Woodstock 2009 is a changed place, just as the world has changed since then. The music business blossomed here, then withered. The hippies grew up and either burned out or assimilated. The leather shop is gone, replaced by a chic clothing store. The Espresso is a photo gallery. The Lake is a tee shirt and head shop. The musicians who stayed kept pretty much to themselves.

Woodstock has become an old town. Its young people huddle together on the stone steps in front of the empty storefront that was once Just Alan's; the first hip, urban gift shop in town. They show up at the convenient store, their red-rimmed eyes and wobbly gaits making the six packs in their hands seem like overkill. By ten at night, the streets are usually empty.

The older residents, some of whom have been here since before the concert, remember how it used to be and wonder what happened. They miss the music. They miss the life. The laid back attitude is still here, but it's not what it was. It's a quiet country town with a few eccentrics and a weekend tourist trade.

Live music venues are trying to make a comeback in town this year. The winter will determine how many of them survive.

But there's a problem here that I don't think is unique to my town and I saw a demonstration of it tonight.

Woodstock, being Woodstock, always holds it fourth of July fireworks in August. I don't know why. But it's a great show and we go every year. This year I got some insight into at least one difference between the Woodstock I grew up in and the one I live in now.

As the sky lit up with a million lights and the booms echoed off the mountains, kids near us were yelling.

"I love PCP!" "I smoke meth!" "Meth is better than heroin!"

When the crowds flooded the sidewalk back to town, a few of the kids, clearly high, were harassing people as they passed. I won't repeat some of the things they said, but one thing that struck me was this one: "I'm just feeling really violent right now, you know? I want to hurt somebody."

And there's the difference.

I believed, back in the Woodstock of 1969, that the proliferation of drugs was an attempt to realize the connection between us all, an attempt to transcend reality to see something bigger, something even more real. I wasn't doing drugs. I was looking in from the outside. And the people who were doing drugs didn't scare me.

There were angry, troubled people, too, of course. But they were the exception among the hippies I saw every day in town. Most of them were sweet, gentle people who would look you in the eyes and try to have long, earnest conversations about things they thought were really important. They were silly sometimes, but they were kind.

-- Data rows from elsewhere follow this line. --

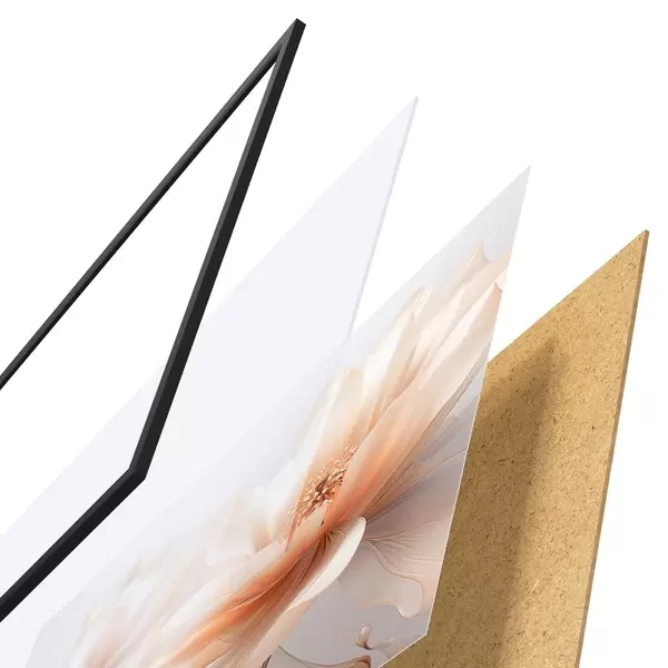 De poster bestaat uit een frame, plexiglas, geprinte afbeelding en spaanplaat achterkant. De poster kan meteen aan de muur worden gehangen dankzij de bevestigingen op de achterkant.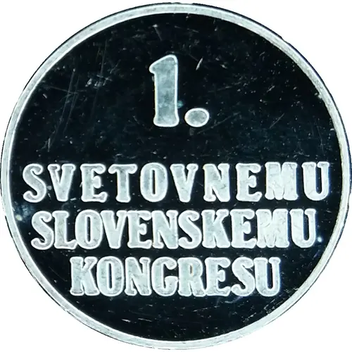 | Obverse lettering | 1. SVETOVNEMU SLOVENSKEMU KONGRESU |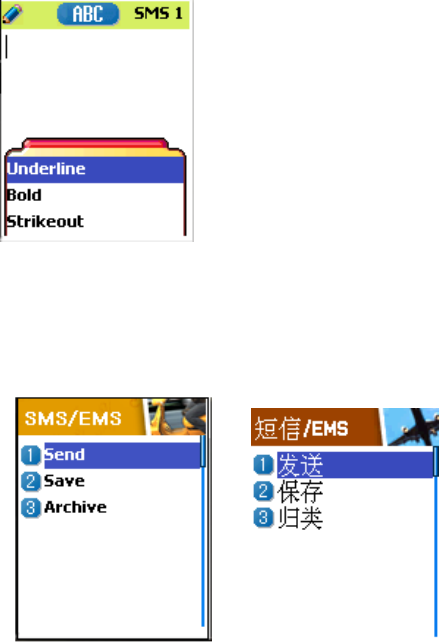 •Send Message (Menu to send SMS / EMS / MMS)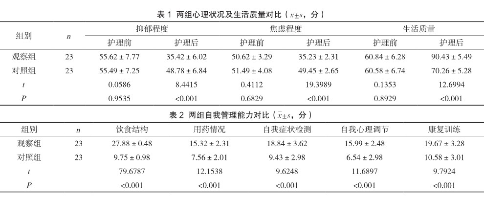 【摘要】目的:探究中青年脑梗死患者康复中采用早期心理指导的作用。方法:选取2021年1月—2022年12月期间在我院接受治疗的46例中青年脑梗死患者,随机分为观察组及对照组,各23例,观察组采用早期心理指导,对照组采用常规护理,对比护理效果。结果:观察组护理后抑郁程度、焦虑程度、生活质量分别(35.42±6.02)分、(35.23±2.31)分、(90.43±5.49)分,优于对照组(P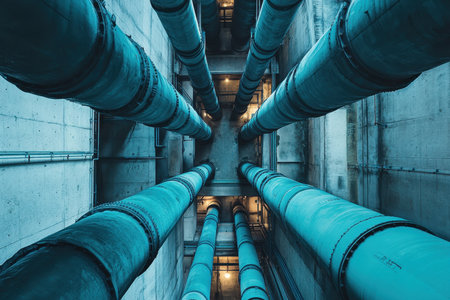 A captivating view of industrial pipes and machinery in a dimly lit factory, showcasing a stunning interplay of blue and orange lighting, highlighting the intricate details of the structure.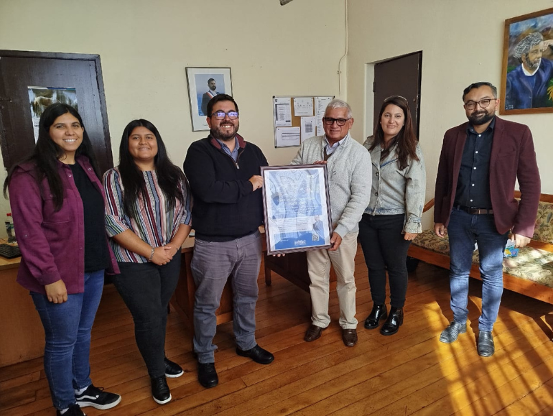 Descripción de imagen: Equipo de profesionales PACE PUCV junto a Juan Rodríguez Ampuero, director del Liceo Bicentenario de Excelencia Poeta Vicente Huidobro de Cartagena, perteneciente a las 21 comunidades PACE PUCV.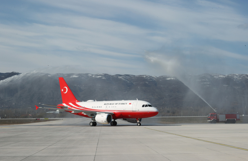 Erdoğan'ı taşıyan uçak, yeni yapılan Tokat Yeni Havalimanı'na indi.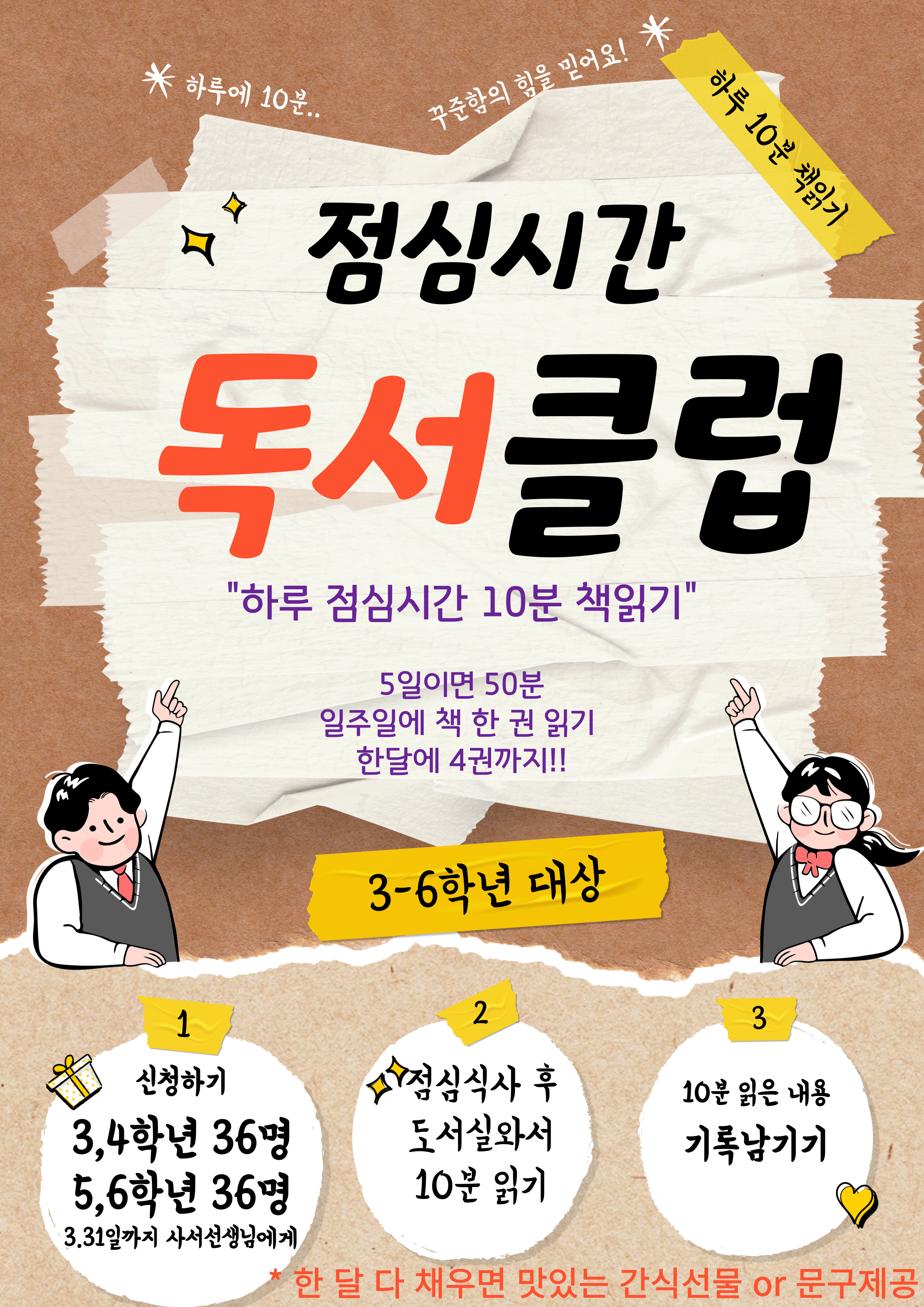 [독서동아리] 점심시간 10분 독서클럽(3-6학년대상)-매월 멤버모집:1학기-6월까지 운영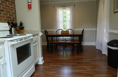 Amenities include 5 bedrooms, 2 full baths (King master suite on main level), full size kitchen, open concept living and dining room, laundry room, sunroom with wet bar, and outdoor patio area. Home has been newly furnished and kept meticulously clean. Enjoy the beautiful gardens on the property as well as seasonal tours of the Gordon Lee Mansion, built in 1847. (Contact friendsofthegordonleemansion.org for tour dates.)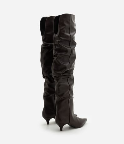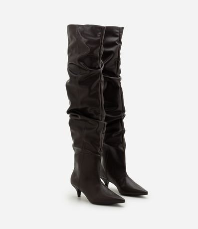 Ref: Bota feminina confeccionada em material sintético, de modelo over the knee e com salto kitten heel. Possui efeito slouchy, com caimento franzido ao longo do cano.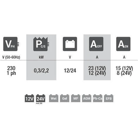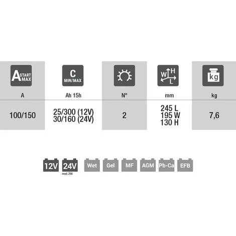- Für Batterien mit 12/24 V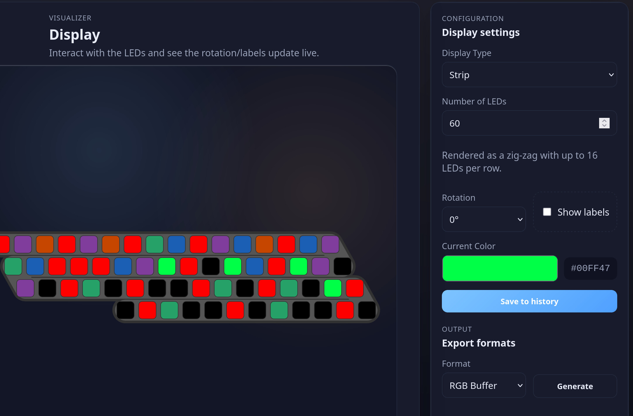Core flow: choose layout, dimensions and rotation, pick a color, click LEDs to paint.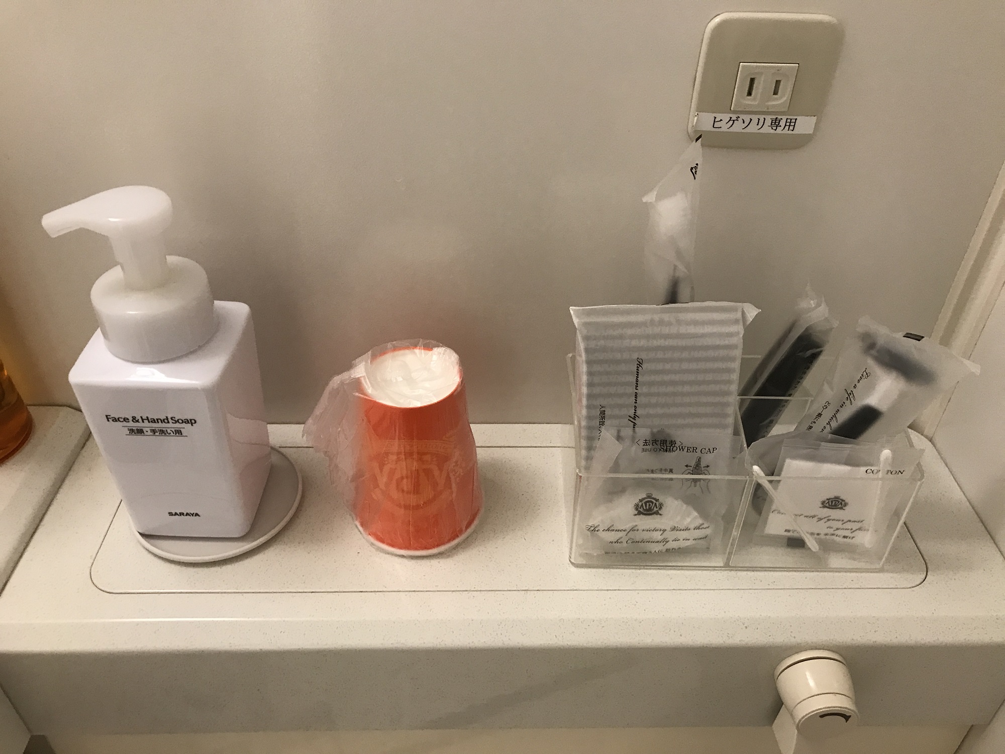 アメニティ類は、洗面台の横に置いてあります。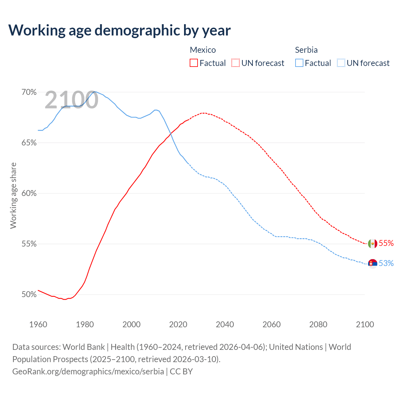 - Mexico has 89.6M working age adults (aged 15-64) vs 4.09M in Serbia.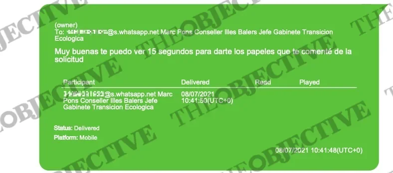 El asesor ministerial de José Luis Ábalos escribió al jefe de Gabinete de Ribera, Marc Pons, el 8 de abril de 2021, dos meses después de que los socios de Aldama se reunieran con el jefe de Gabinete de Maroto, Juan Ignacio Díaz Bidart, para abordar la licencia de Villafuel. Koldo García le envió una fotografía en la que aparecía el número de expediente y varios documentos relativos a la empresa, que había pedido convertirse en operador en enero de ese año. El actual portavoz adjunto del PSOE en el Parlamento balear no respondió.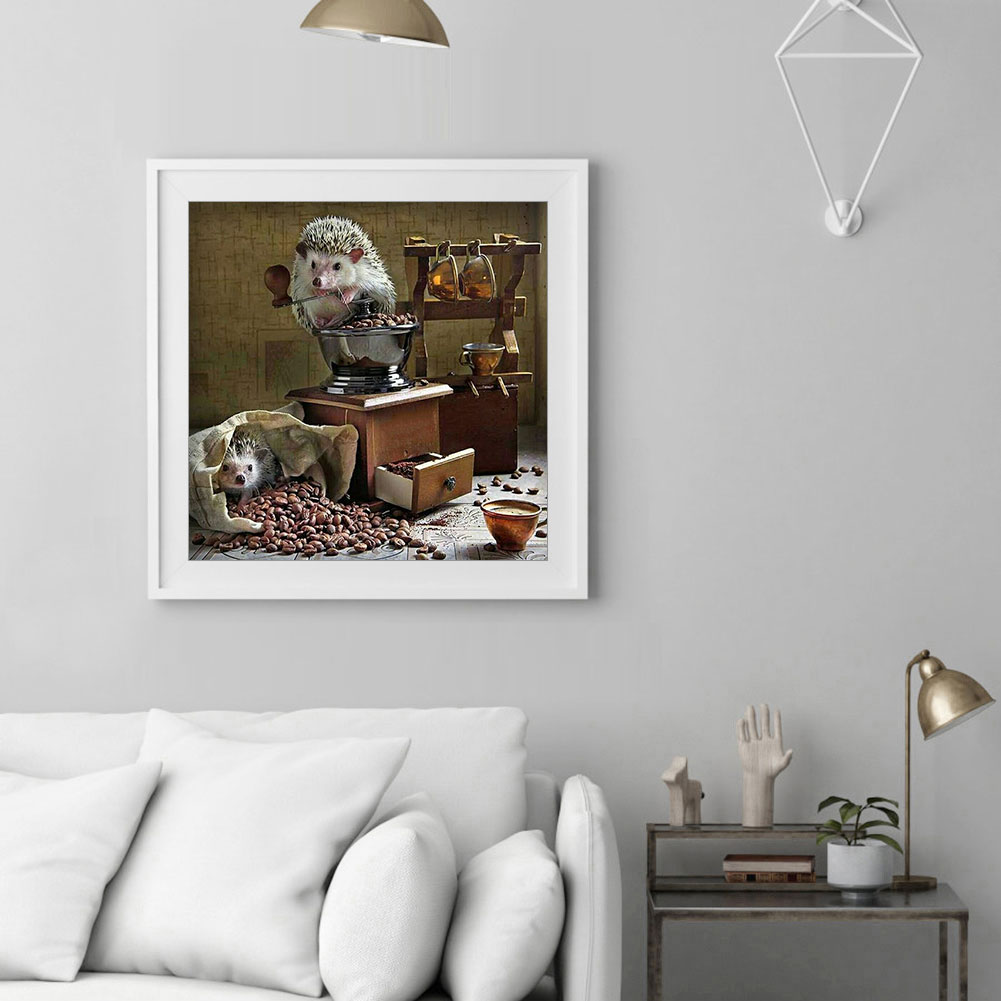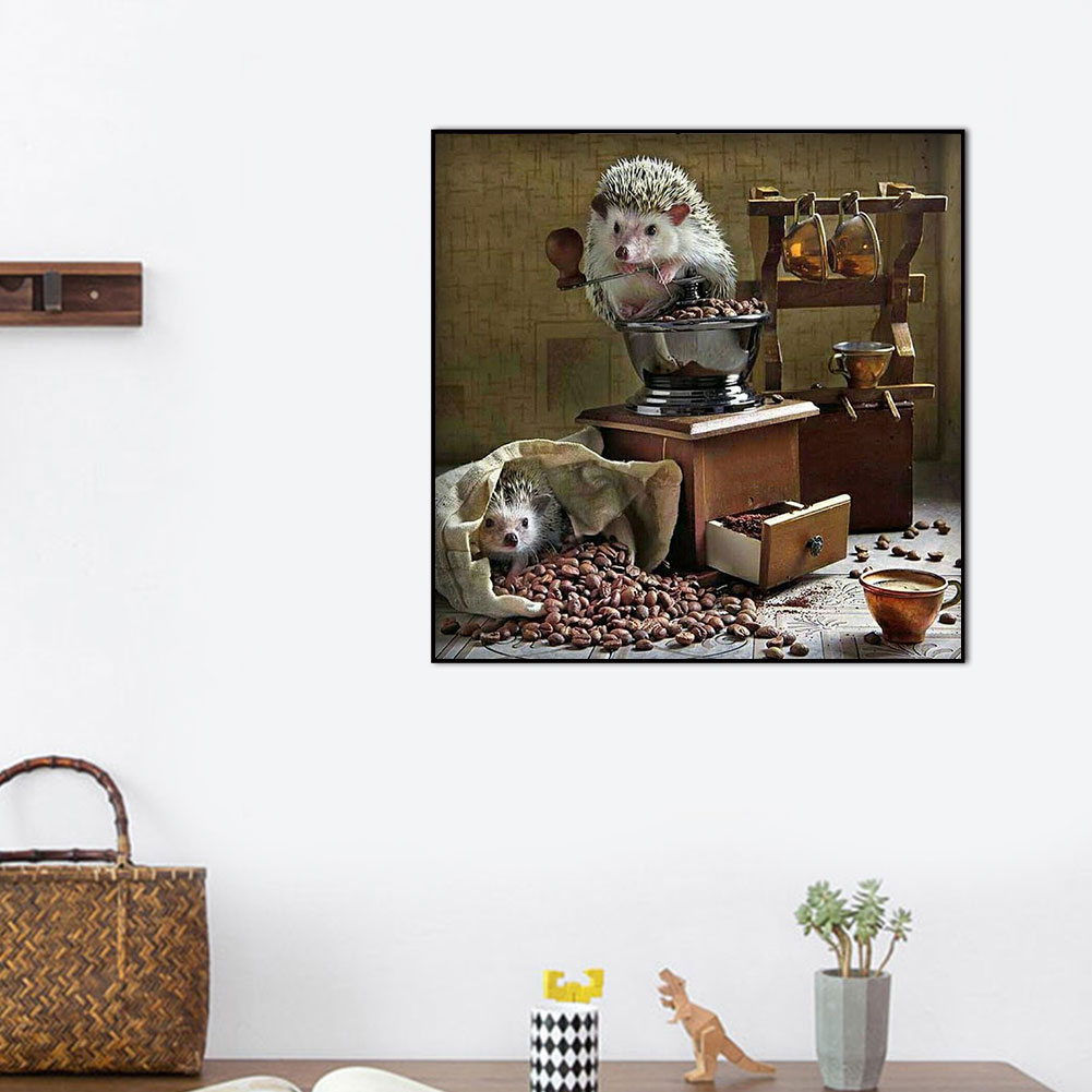 Diamond Painting Kit Hedgehog coffee beans Full Round Rhinestone Wall Pict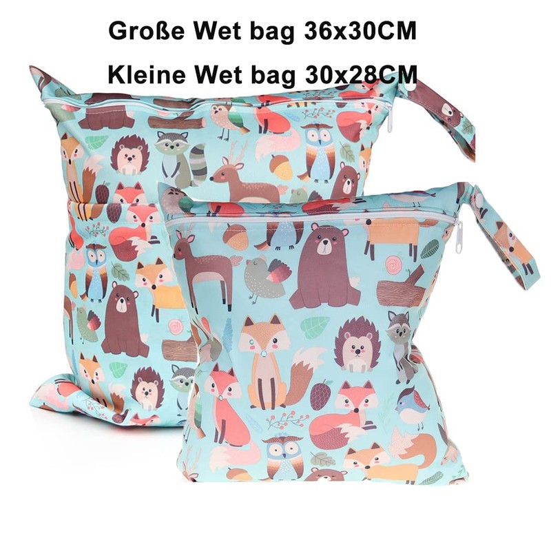 - 【Set of 2】The large wet dry Bag (14x12In) has 2 zippers and 2 compartments for separating dirty diapers from clean diapers or other wet items, can hold about 8-10 diapers. and the medium wet bag (12x11In) has 1 zipper and 1 separate compartment and can hold about 5-7 cloth diapers.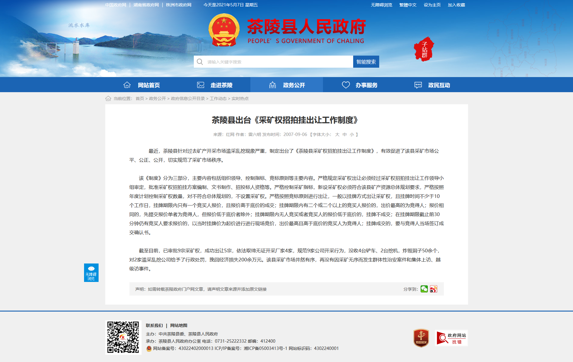 最近,茶陵县针对过去矿产开采市场滥采乱挖现象严重,制定出台了《茶陵县采矿权招拍挂出让工作制度》,有效促进了该县采矿市场公平、公正、公开,切实规范了采矿市场秩序。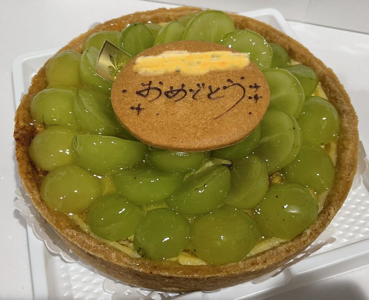 シャインマスカットがびっしりと乗っていて、タルトはしっとりサクッと。カスタードクリームも甘すぎず、かなり甘いシャインマスカットが引き立ちました。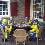 Op de weg van Markelo naar Rijssen mag ik nog een keer op kop, waar ik vol goede moed aan begin. Ik klets wat terug tegen mijn medekopgenoot (is dat Nederlands?) en ineens brult de tourleider dat ik achter hem moet komen fietsen. Verschrikt voldoe ik aan zijn verzoek en kijk snel op m’n km-teller: 23.5. Oei, inderdaad maar beter als ik er even achter fiets. Wim geeft een bemoedigende schouderklop, en Gerrit kan tussen zijn ademhalingen door zeggen dat ik niet de enige ben die het moeilijk heeft. Altijd fijn om te horen!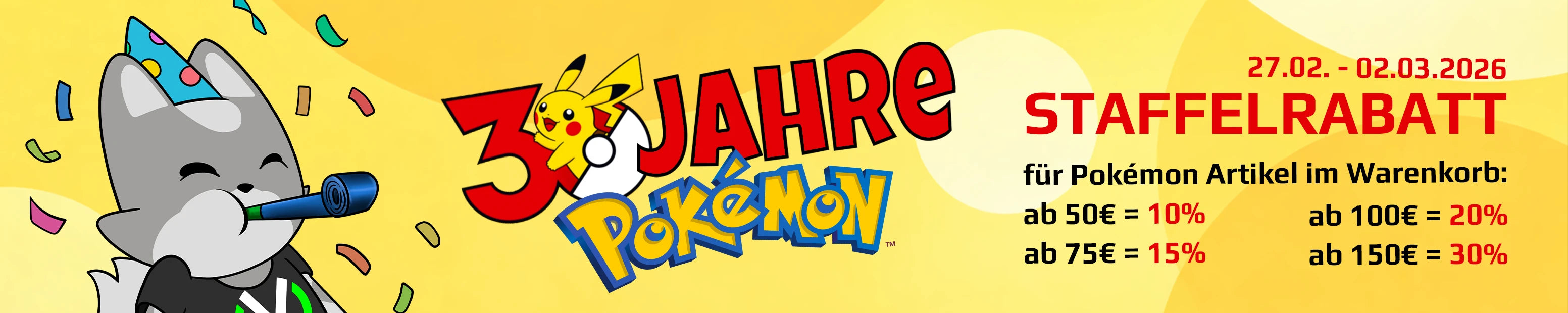 Mindestbestellwert ab 50 € → 10 %, ab 75 € → 15 %, ab 100 € → 20 %, ab 150 € → 30 %, gilt nur auf die Kategorie Pokémon, nicht mit anderen Rabatten kombinierbar, gültig 27.02.–02.03., Rabatt wird automatisch im Warenkorb abgezogen.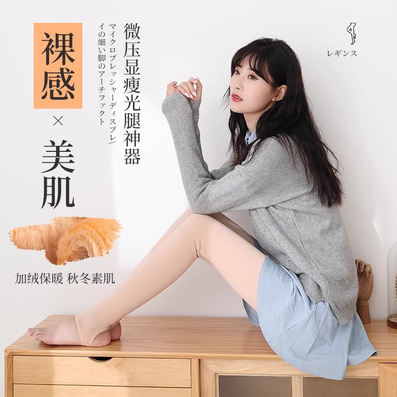 光腿神器女连裤袜女春秋款秋冬防勾丝加绒肉色打底裤黑色薄绒肤色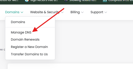 To access our DNS Manager, from the Client Area top navigation bar, click on the "Domains" link and from the dropdown bar select "Manage DNS":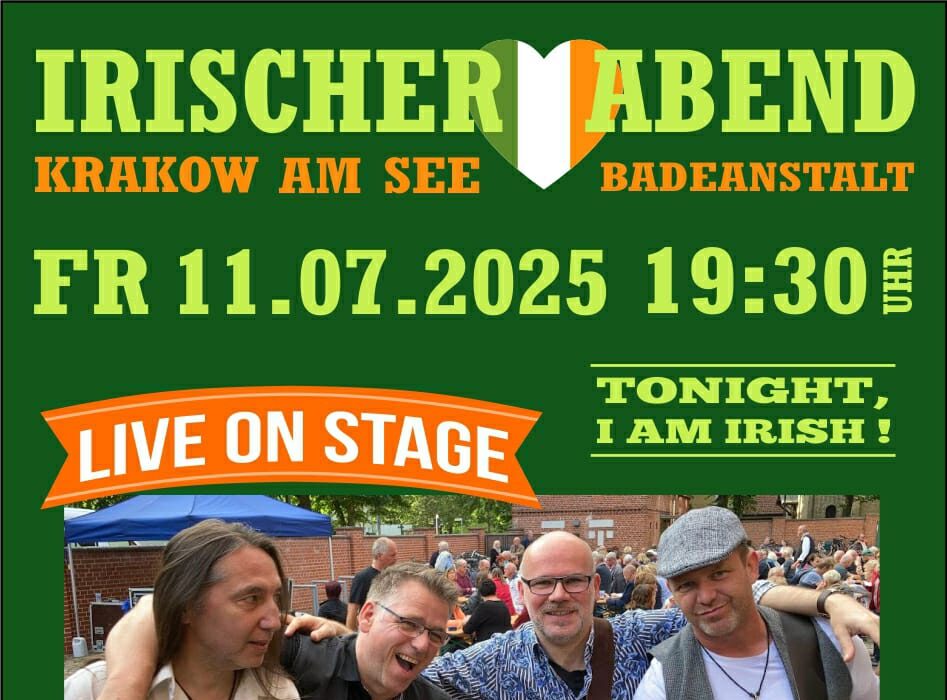 Am 11. Juli um 19.30 Uhr findet in der Historischen Badeanstalt in Krakow am See wieder der traditionelle Irische Abend statt. Für zünftige irische Musik sorgt die Gruppe Larkin. Um…

Today's young drug users seem to be angry. They take drugs not to find answers, but to escape. And when they're high, they're even angrier.

I'm not blaming the kids. I'm realizing how the world has changed. We've all become angrier. That weekend of peace and love forty years ago was such a short, sweet interlude. And after that was Kent State, Watergate, so many years of disappointments, disillusionment and disgust culminating in Dick Cheney.

It takes real resilience to hold on to dreams when reality can be so ugly.

3 comments:

Susan said...

Thank you very much, Elise. Kind of you to drop by and leave a calling card.
Greetings from Woodstock.
S

Bob said...

Yes. Woodstock and the culture surrounding it made the whole world peaceful for an "interlude". Sure. Grow up. The world wasn't a hippie paradise then, and it never will be. You just finally caught up with the rest of us.

Susan said...

And that's one sad, bitter commentary. When 'growing up' means 'giving up', I'll take the Peter Pan syndrome any day.
It never will be?
I still don't buy it. But I will admit it's still a long way off.